##### SOURCE MATERIAL
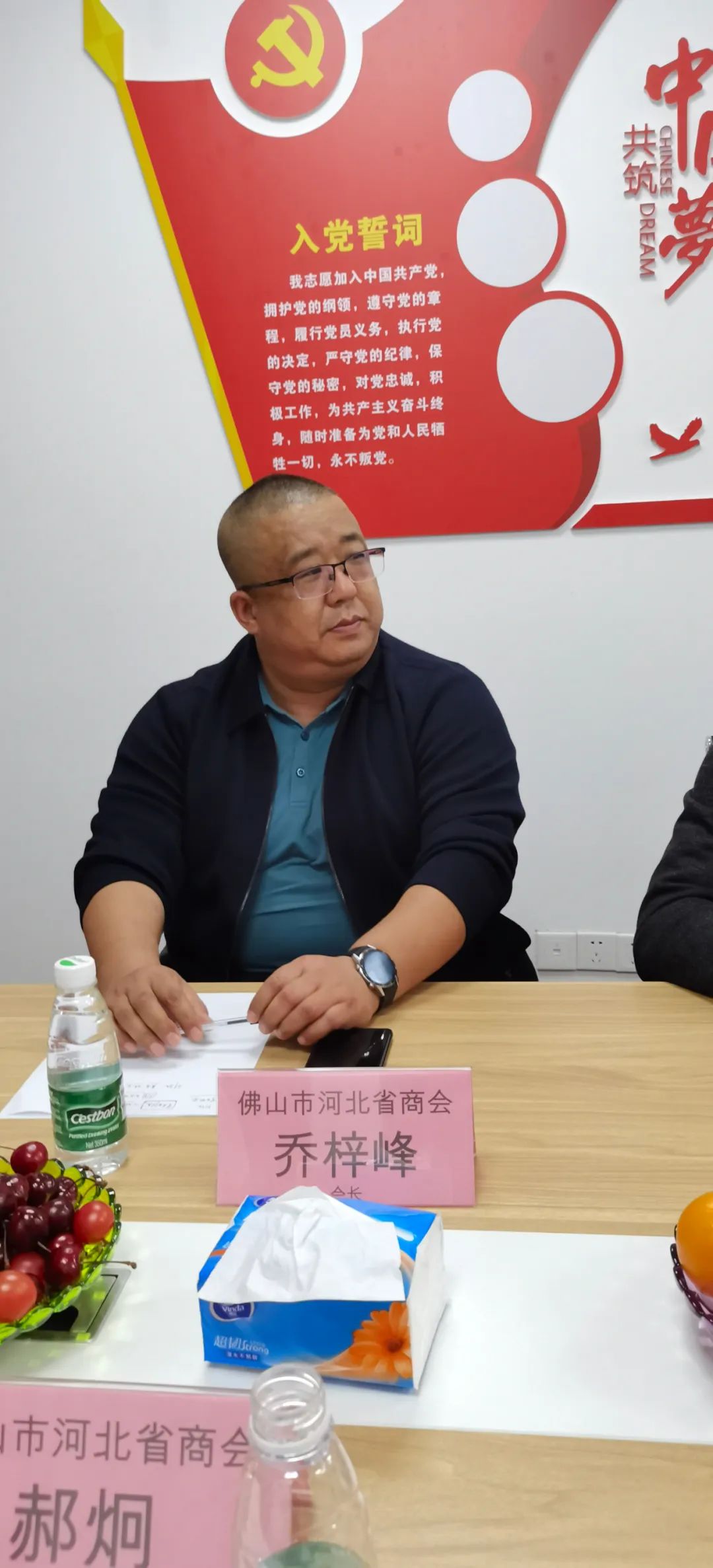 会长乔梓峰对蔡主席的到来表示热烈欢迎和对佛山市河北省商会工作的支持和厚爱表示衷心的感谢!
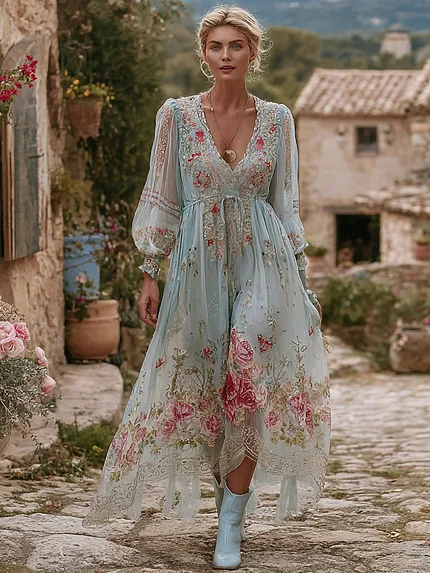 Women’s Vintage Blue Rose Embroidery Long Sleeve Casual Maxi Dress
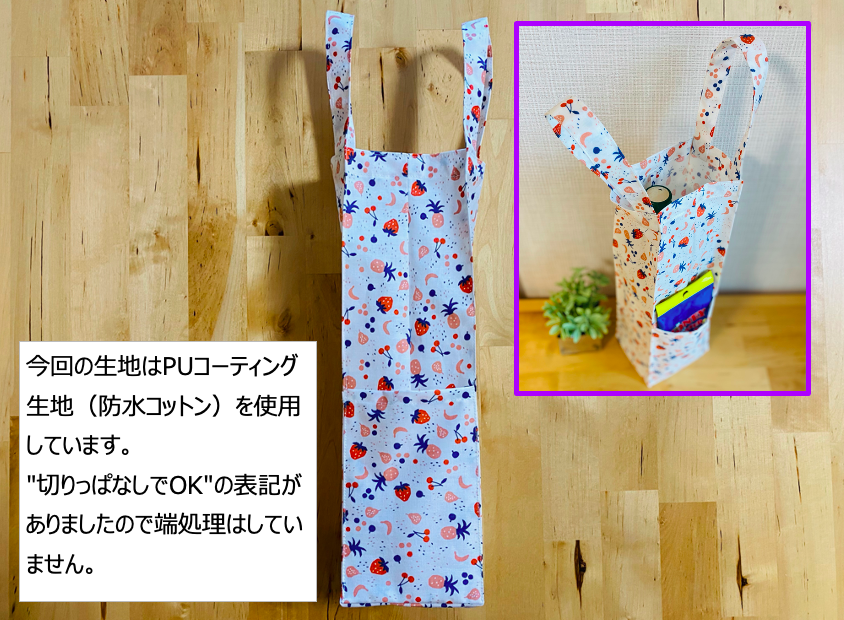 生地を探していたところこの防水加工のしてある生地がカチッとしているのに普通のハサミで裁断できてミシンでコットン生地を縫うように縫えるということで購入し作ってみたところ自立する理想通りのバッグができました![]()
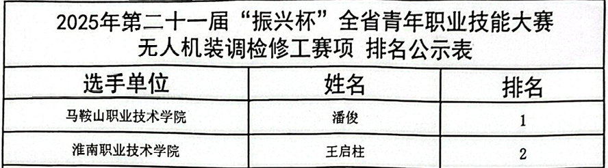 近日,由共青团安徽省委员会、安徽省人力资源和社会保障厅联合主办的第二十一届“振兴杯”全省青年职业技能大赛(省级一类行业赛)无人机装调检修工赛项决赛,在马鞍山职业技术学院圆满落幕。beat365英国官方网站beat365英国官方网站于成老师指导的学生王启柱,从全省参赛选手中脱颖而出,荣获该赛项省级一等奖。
##########
- WHAT TO DO -
No pictures belong in the answer, only the lines from the top of the listing through the line containing "生地を探していたところこの防", repeated word for word.

- FINISHED EXERCISE -
 会长乔梓峰对蔡主席的到来表示热烈欢迎和对佛山市河北省商会工作的支持和厚爱表示衷心的感谢!
 Women’s Vintage Blue Rose Embroidery Long Sleeve Casual Maxi Dress
 生地を探していたところこの防水加工のしてある生地がカチッとしているのに普通のハサミで裁断できてミシンでコットン生地を縫うように縫えるということで購入し作ってみたところ自立する理想通りのバッグができました![]()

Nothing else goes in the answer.